How can we find a good fitting function that returns discrete values?

**A simple and naive approach**

In binary classification where \(y \in \{1,2\}\), we can try to simply treat the output as continuous \(y \in R\) as in linear regression, and find the linear regression coefficient \(\hat \beta\) using mean squared error:

\(\hat \beta= argmin_{\beta \in R^{p+1}} (y – \textbf{X} \beta) ^T(y – \textbf{X} \beta) \tag{1} \)

\(\hat \beta = ( \textbf{X}^T \textbf{X}) ^ {-1} \textbf{X}^Ty, \textbf{X} \in R^{N \times (p+1)} \tag{2} \)

Then we can define a decision boundary as a cut-off. For a given input \(x_i\), we can transform the expected continuous output \(x_i^T\hat \beta\) from linear regression to a discrete output as \(\hat f^{LS}(x_i) \) :

\(\hat f^{LS}(x_i) =\begin{cases}

1, & x_i^T \hat \beta <= boundary \\

2, & x_i^T \hat \beta > boundary \\

\end{cases} \tag{3} \)

In the following example, we have a 1D input \(x\) and a binary output \(y \in \{0,1\}\)

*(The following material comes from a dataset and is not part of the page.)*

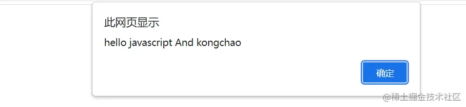 alert("hello javascript And kongchao");

Treating the output as continuous variable, we can fit the data with linear regression (red dashed line), and get the predicted \(y_{pred}\) for each \(x\).

As shown in the following figure, the actual \(y_{train}\) takes discrete values 0 and 1, while the output from linear regression \(y_{predict}\) is continuous.

Using different decision boundaries, we can evaluate the total error on the data. We can use either mean squared error or misclassification error \(\sum_i^N I(y_{pred} \neq y_{real})\), which counts how many data points are misclassified. Because we have a 0-1 output here, mean squared error is equivalent to misclassification error.

As we can see, misclassification error reaches minimum when decision boundary is set as 0.44.

This decision boundary approach works well for binary classification. What if we have more than 2 classes? Since the discrete output does not have an intrinsic order, it is difficult to fit the data as linear regression directly.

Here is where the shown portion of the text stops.